A coalegue of mine has named it "drivingExperiences" but this doesnt sound natural to me. May be Im wrong.

Is it correct to say something like "here is the list of possible driving experiences options"
He's a tennis player
@Mitch Yeah, it is the same here at tennis courts. Or at least it was when I still played, as a child.
Which I've heard of
18:32
I remember when first fiberglass tennis rackets appeared. They were so light.
@Cerberus so uptight
All those rules
I had first a small-head Yonex racket.
@Hairi Maybe experience levels?
@CowperKettle same here. And much bigger
Or years of experience?
A bit more metephorically: veterancy?
18:33
Ok, how does it sound to you guys "driving experiences"?
Bad.
The plural of experience means something else.
mhmm me too
Experience is fine
When you make experience countable (add an or make it plural), it means something like "an event or instance in which your experienced something".
18:34
Veterancy is 🥜 s
What?
Speak English, man!
Word of the day on Wiktionary though
@Cerberus I speak for all nations
: 🪛: 🏀
Emojis are hard to get right
False friends
I meant nuts not peanuts
And screw not screwdriver
Ok fair enough. Thank you. I can use "levels" or "categories", "rank" or something else.
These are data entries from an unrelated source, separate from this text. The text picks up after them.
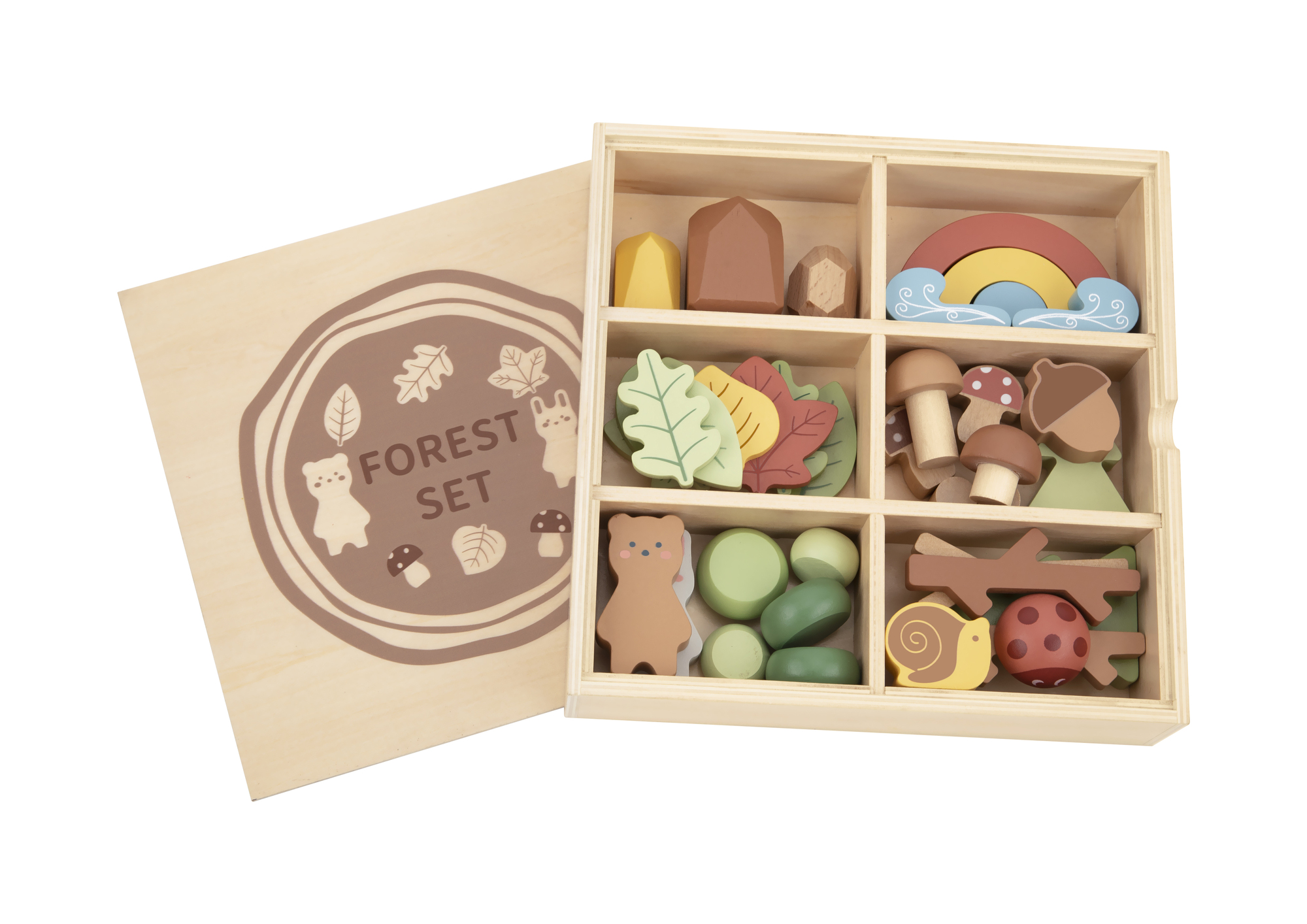 Sada na hranie v boxe LesDrevený hrací set pre milovníkov prírodyDrevená sada na hranie Les od Tooky Toy deti zamestná na celé hodiny. Luxusná drevená krabička so šiestimi priehradkami obsahuje takmer 40 rôznych figúrok lesných zvieratiek, rastlín, stromov, kameňov a ďalších doplnkov, z ktorými...
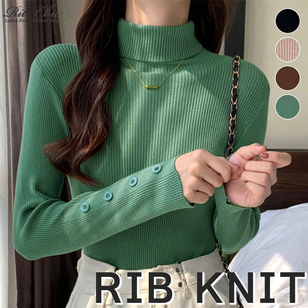 タートルネック リブニット 長袖 レディース 秋冬 韓国 トップス きれいめ 大人 カジュアル シンプル ニット セーター ハイネック リブ編み 大人可愛い 大人女子
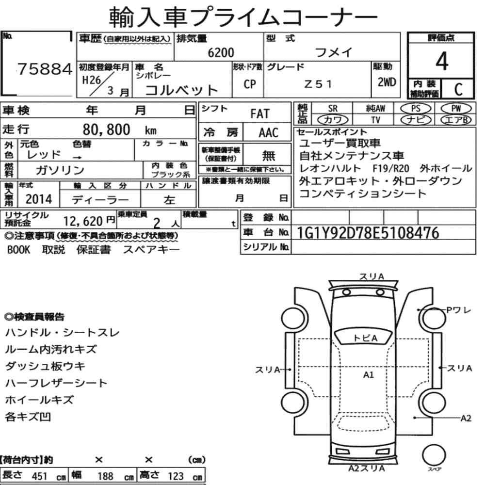 Szczegółowa analiza stanu pojazdu przeprowadzona przez japońskich ekspertów. Sprawdź oznaczenia uszkodzeń poniżej.

The phrase "driving experiences" just didnt pass the smell test and I wanted to align(please suggest a better word here) with you guys.
Thank you 🙏
@Hairi Check?
Good luck!
@Cerberus 10x
18:44
I mean, you could use the word "check" rather than "align".
Yup.
This chat is a real treasure for people like me.
Yay.
For everyone!
Have not studied English at school, have not lived in English speaking country, only internet, books and movies
18:52
Why no English at school?
Your English seems to be pretty great.
@Cerberus it's not for me
and yet I work with multinational team (all of them not native in English) but we use English to communicate, and yet I need to write emails to clients that are native English speakers.
@Cerberus Frankly, I studied English at school for two years - but it was more like memorizing words and two years later all of it was gone
who are native VS that are native
I do these mistakes all the time
Your typed English is pretty good. I don't 'read' an accent
@Mitch Not you, of course.
You're a clear exception.
@Hairi Both correct!
19:08
@Cerberus gracias a ti!
Wait...that doesn't sound right
Is that Spanish?
Maybe?
19:29
Google translate says ¡Sí!
 
2 hours later…
21:53
Among major tennis venues, only Wimbledon requires “tennis whites,” with strict rules on logos, color bands, etc. Even shoes.
It was similar at my tennis club, and I think (most?) other clubs in Holland.